Paper Structure (32 sections, 5 equations, 3 figures, 9 tables)

This paper contains 32 sections, 5 equations, 3 figures, 9 tables.

Figures (3)

  • Figure 1: SMKC transform example (normal vs. anomalous). Starting from a window with values $X$ and missingness mask $M$, we construct the fixed-width hashed state sequence $g_{1:L}$ and then compute kernel-view channels. Shown are two representative channels derived from $g$: cosine similarity $\mathrm{Cos}(g)$ and robust log-distance $\mathrm{LogDist}(g)$. While missingness can obscure localized changes in $X$, the kernel view reveals structured deviations that are more amenable to masked modeling and window-level scoring.
  • Figure 2: Six-channel SMKC hybrid kernel image for a normal window. We stack cosine similarity and robust log-distance matrices computed on the hashed sequence $g$, its first difference $\Delta g$, and the absolute difference $|\Delta g|$. The cosine channels emphasize bounded directional similarity, whereas the log-distance channels emphasize magnitude-based deviations with robust compression.
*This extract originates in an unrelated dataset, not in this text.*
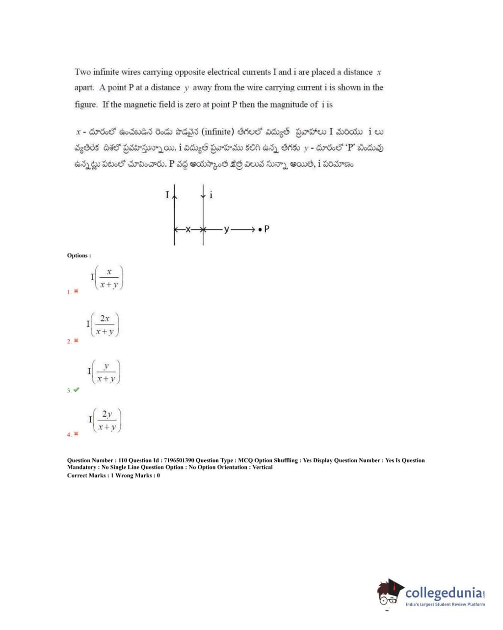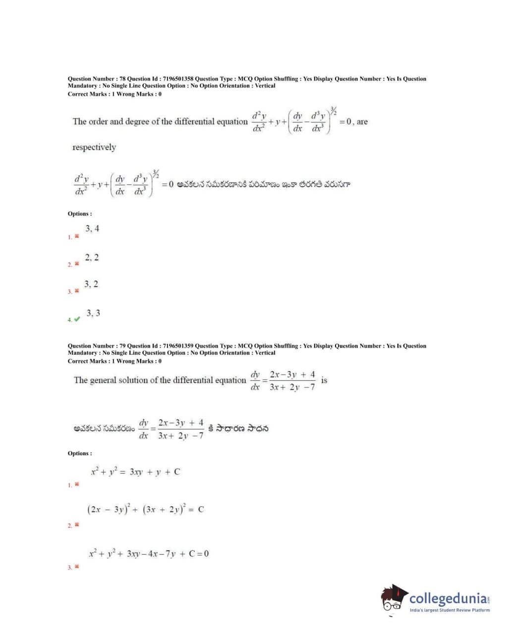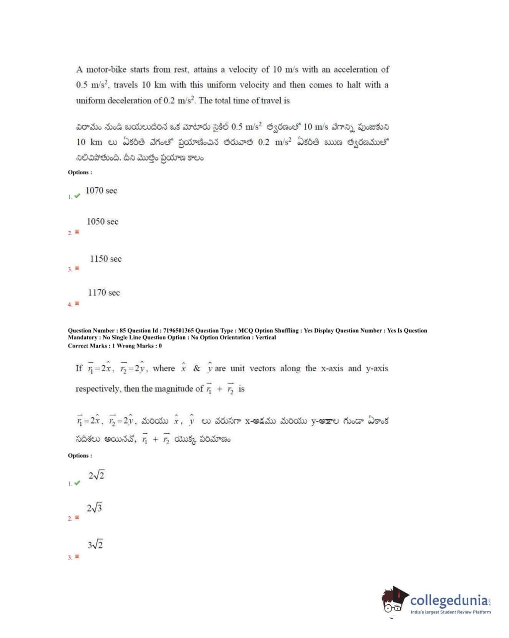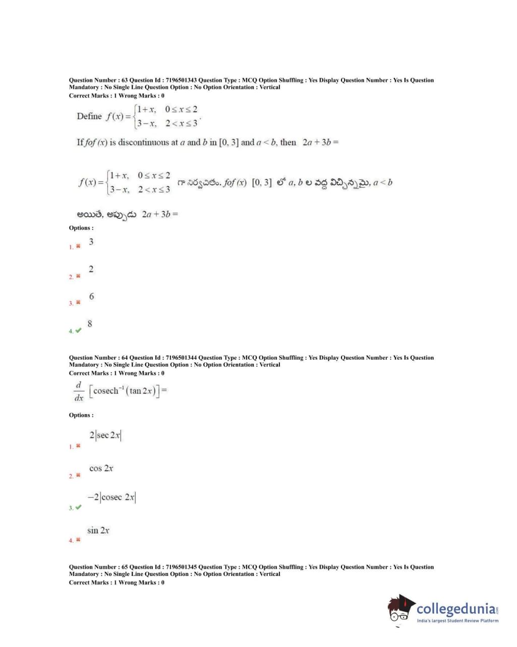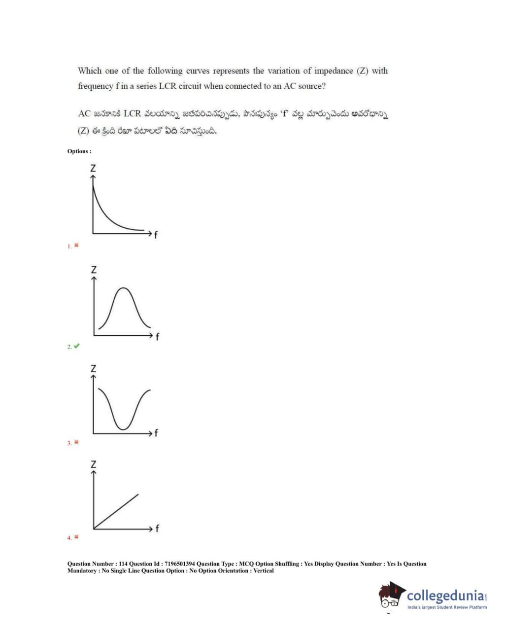 TS EAMCET 2020 Engineering Question Paper with Answer Key PDFs Afternoon Session

The scale token summarizes the robust bandwidth used in the log-distance transform and conditions the encoder on the window’s intrinsic distance scale.
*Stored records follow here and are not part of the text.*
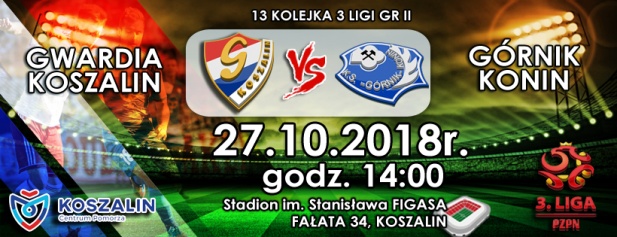 Piłkarze Gwardii Koszalin w sobotę na stadionie im. Stanisława Figasa podejmować będą zespół Górnika Konin. Obie jedenastki odniosły zwycięstwa w minionej kolejce: Gwardia wygrała w Bydgoszczy z Chemikiem (2:1), a Górnik przed własną widownią ograł Polonią Środa Wlkp. (3:1).
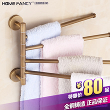 仿古卫生间毛巾架铜毛巾杆旋转双杆浴室欧式复古三杆四杆毛巾挂
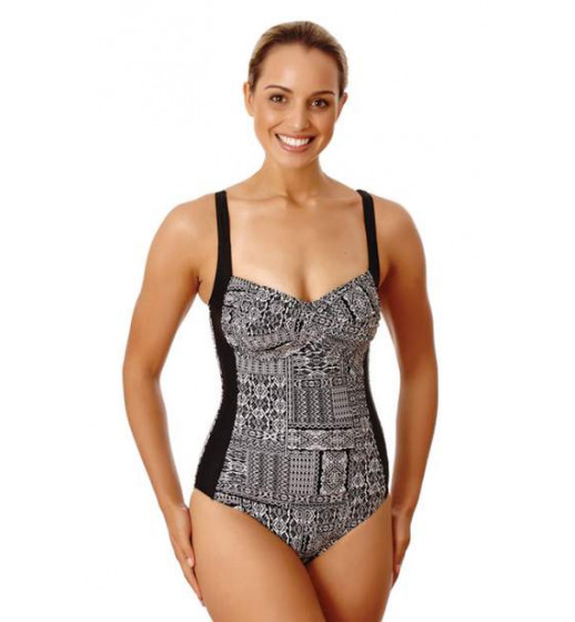 Jessica D Cup Swimsuit in Paseo print from Femme de la Mer. Moulded soft D Cups with adjustable straps and front side ruching. Cross gathering over the busts.

  • Figure 3: Diagnostic illustrating why cosine-only kernel images can collapse under magnitude-driven anomalies. A short-segment amplitude scaling leaves the cosine kernel essentially unchanged (top row; max difference $\approx 10^{-7}$), while the robust log-distance kernel changes substantially (bottom row; max difference $\approx 2.08$), producing high-contrast structure. This supports the ablation result that cosine-only channels are ineffective in our setting, whereas log-distance channels remain discriminative. A controlled diagnostic in the appendix (Table \ref{['tab:cos-log-diagnostic']}) confirms this mechanism: cosine-kernel statistics are near-random for amplitude scaling and additive magnitude perturbations, whereas log-distance statistics separate normal and anomalous windows almost perfectly.